126    Du reste, il ne saurait être exigé du pouvoir adjudicateur qu’il transmette à un soumissionnaire dont l’offre n’a pas été retenue, d’une part, outre les motifs du rejet de cette dernière, un résumé minutieux de la manière dont chaque détail de son offre a été pris en compte au titre de l’évaluation de celle-ci et, d’autre part, dans le cadre de la communication des caractéristiques et des avantages relatifs de l’offre retenue, une analyse comparative minutieuse de cette dernière et de l’offre du soumissionnaire évincé (arrêts du 3 mai 2018, EUIPO/European Dynamics Luxembourg e.a., C‑376/16 P, EU:C:2018:299, point 57, et du 14 octobre 2020, Close et Cegelec/Parlement, C‑447/19 P, non publié, EU:C:2020:826, point 37).

127    Il résulte de ce qui précède que l’ensemble des informations communiquées à la requérante lui a permis de connaître les éléments de fait et de droit sur la base desquels le pouvoir adjudicateur a considéré qu’elle n’avait pas obtenu la note de passage à l’épreuve de révision. Cette motivation, qui va d’ailleurs au-delà de ce qui était exigé par les dispositions pertinentes du règlement financier (voir point 119 ci-dessus), lui a permis de comprendre la justification du rejet de son offre et de contester utilement la décision attaquée devant le Tribunal.

128    Il convient donc de rejeter le troisième moyen.

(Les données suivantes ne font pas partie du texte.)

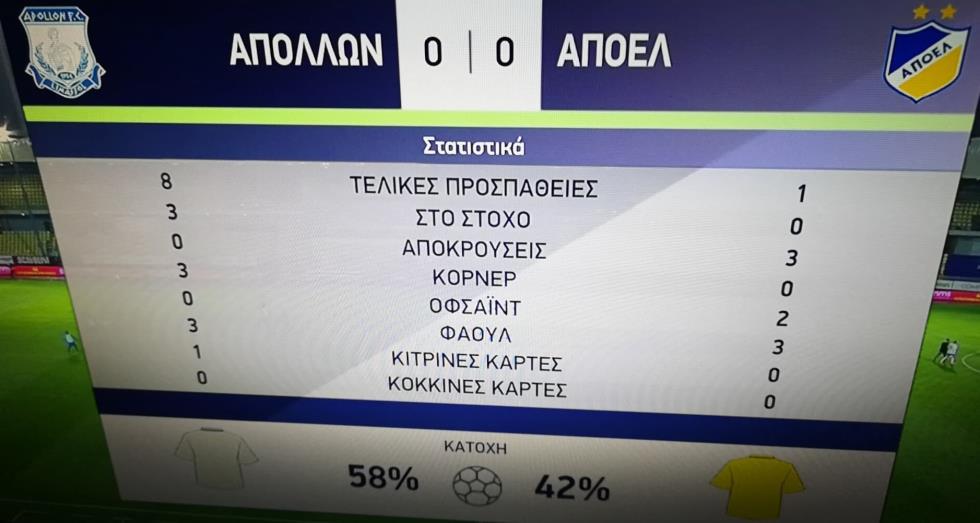 Όπως η γάτα το ποντίκι έπαιξε τον ΑΠΟΕΛ στο πρώτο ημίχρονο ο Απόλλωνας, που έφτιαξε οκτώ ευκαιρίες για να πετύχει κάποιο γκολ, τρεις από τις οποίες κατέληξαν εντός στόχου, όμως δεν βρήκε το δρόμο προς τα δίκτυα.
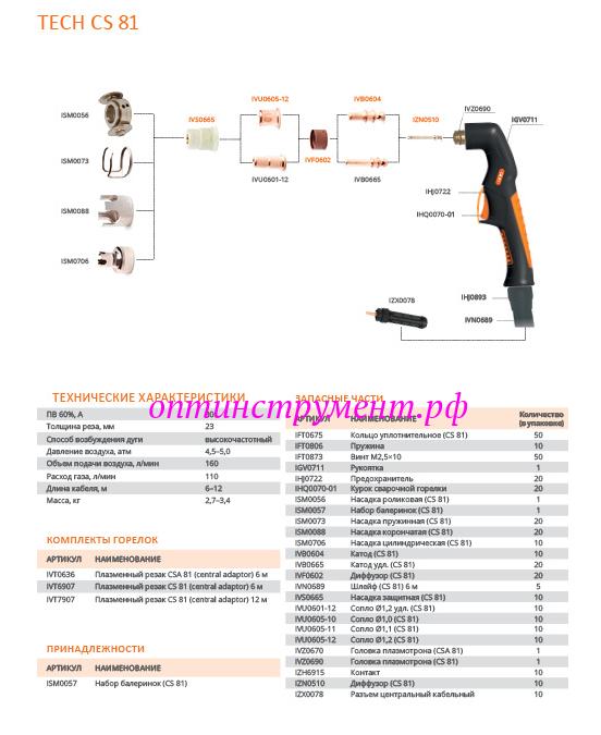 Плазмотрон Сварог TECH CS 81, 6 м, IVT6907 в продаже по цене 13 057 руб. в Интернет-магазине Проф-инструмент с доставкой в Оренбурге и Оренбургской области. Звоните по телефону +8 (800) 302-10-51.
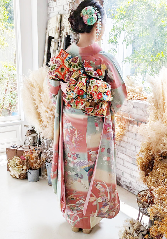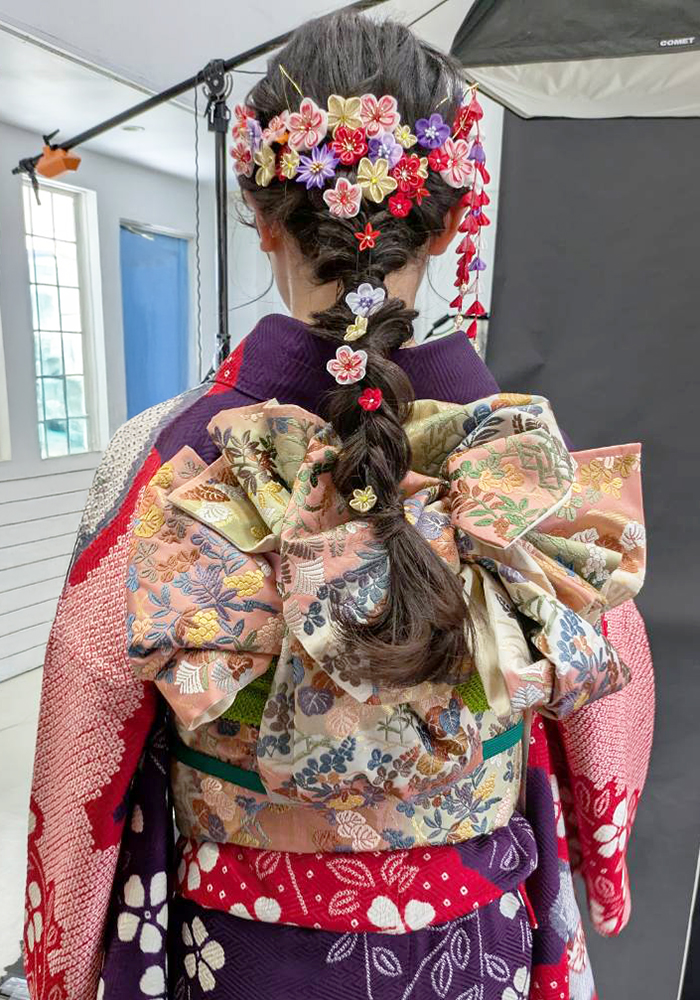 成人式の前撮りのため、振袖の着付けを行わせていただきました。
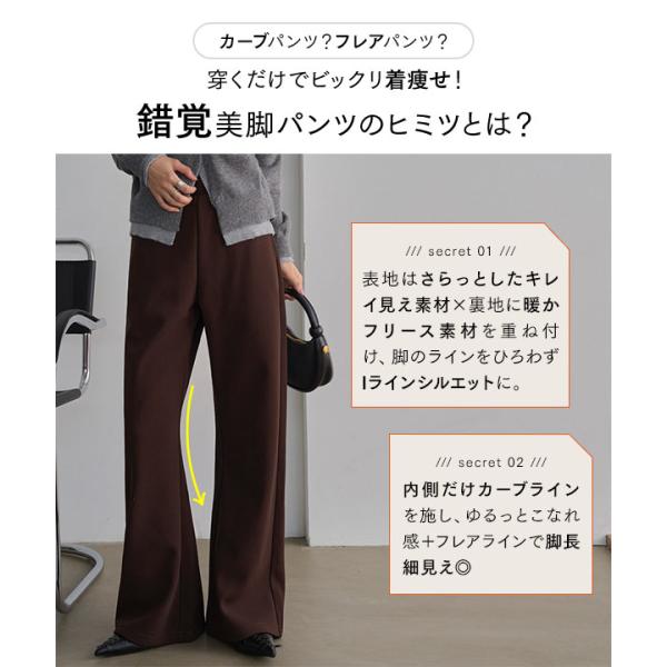 裏起毛 パンツ レディース 冬 ブーツカット 錯覚美脚カーブパンツ 裏フリース あったか ロング丈 M4351
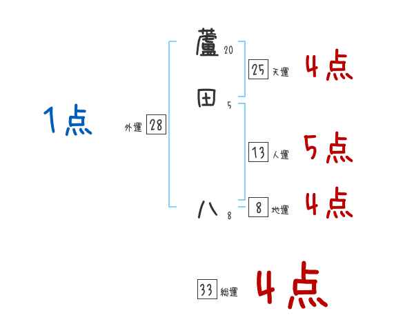 天運![]() | 蘆田八さんの天運は25画の4つ星!個性があり才能があふれる。強運の持ち主で発展する。 家系が持つ宿命的な運勢を表します。祖先から受け継いだ苗字ですので自分の力が及びません。家柄を象徴します。 |
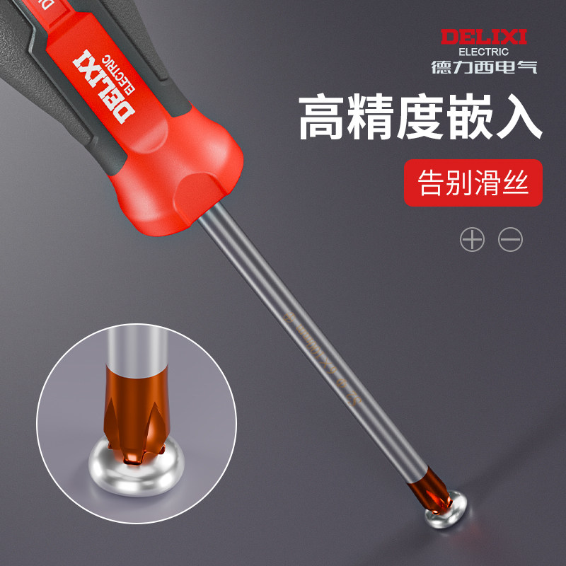 德力西螺丝刀带强磁平口一字起子改锥高硬度十字梅花维修小螺丝刀

 Sur le quatrième moyen, tiré de la violation du devoir de diligence et du principe de bonne administration

129    La requérante estime que le comportement de la Commission, dans ses échanges avec elle, a contrevenu au devoir de diligence ainsi qu’au principe de bonne administration et aux principes généraux régissant l’attribution des marchés publics, au titre desquels figurent les principes d’égalité de traitement, de transparence, de non-discrimination et de proportionnalité, consacrés à l’article 160, paragraphe 1, du règlement financier. La Commission n’aurait répondu à ses demandes d’informations que de manière fragmentaire.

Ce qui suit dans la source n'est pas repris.